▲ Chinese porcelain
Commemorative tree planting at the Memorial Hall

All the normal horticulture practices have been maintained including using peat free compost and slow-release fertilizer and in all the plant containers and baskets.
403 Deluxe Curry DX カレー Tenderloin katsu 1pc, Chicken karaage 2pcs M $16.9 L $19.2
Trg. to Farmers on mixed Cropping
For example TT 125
==
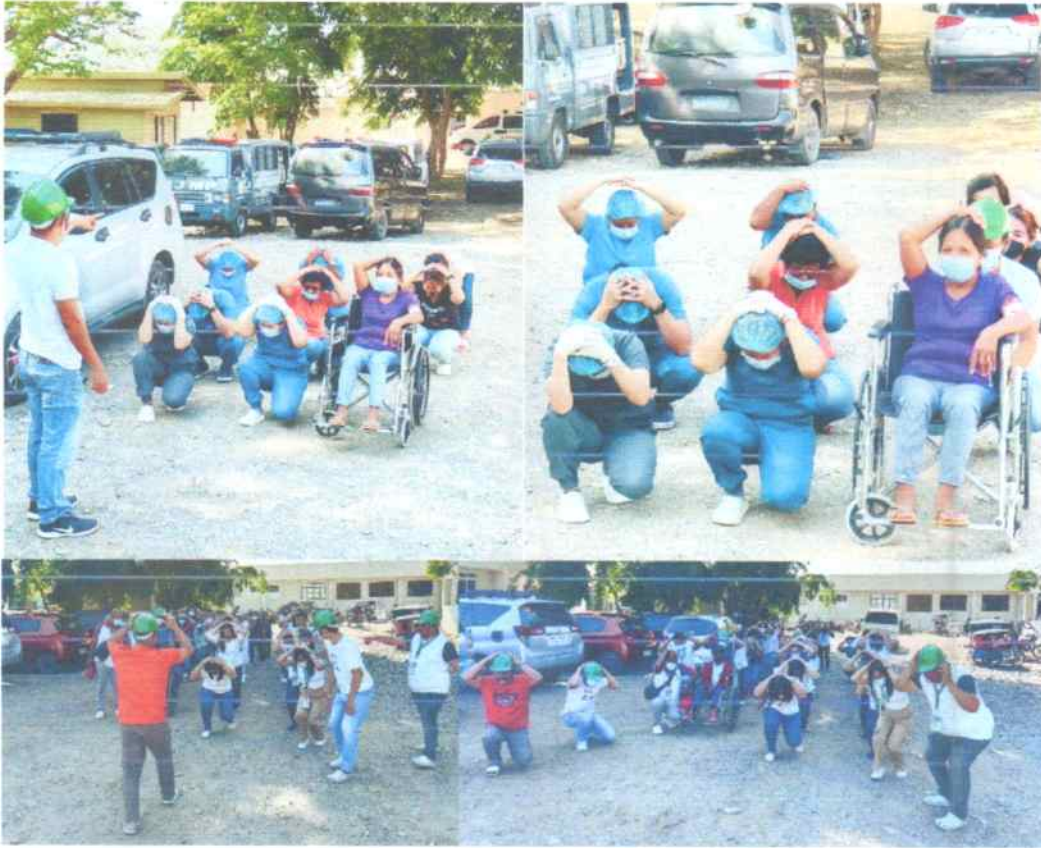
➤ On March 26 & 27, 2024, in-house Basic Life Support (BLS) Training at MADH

:: AIM OF THE TASK ::
Please reproduce the lines from the line with "403 Deluxe Curry" to the line with "For example TT 125", both ends included, exactly as they appear above.

:: WORKED SOLUTION ::
403 Deluxe Curry DX カレー Tenderloin katsu 1pc, Chicken karaage 2pcs M $16.9 L $19.2
Trg. to Farmers on mixed Cropping
For example TT 125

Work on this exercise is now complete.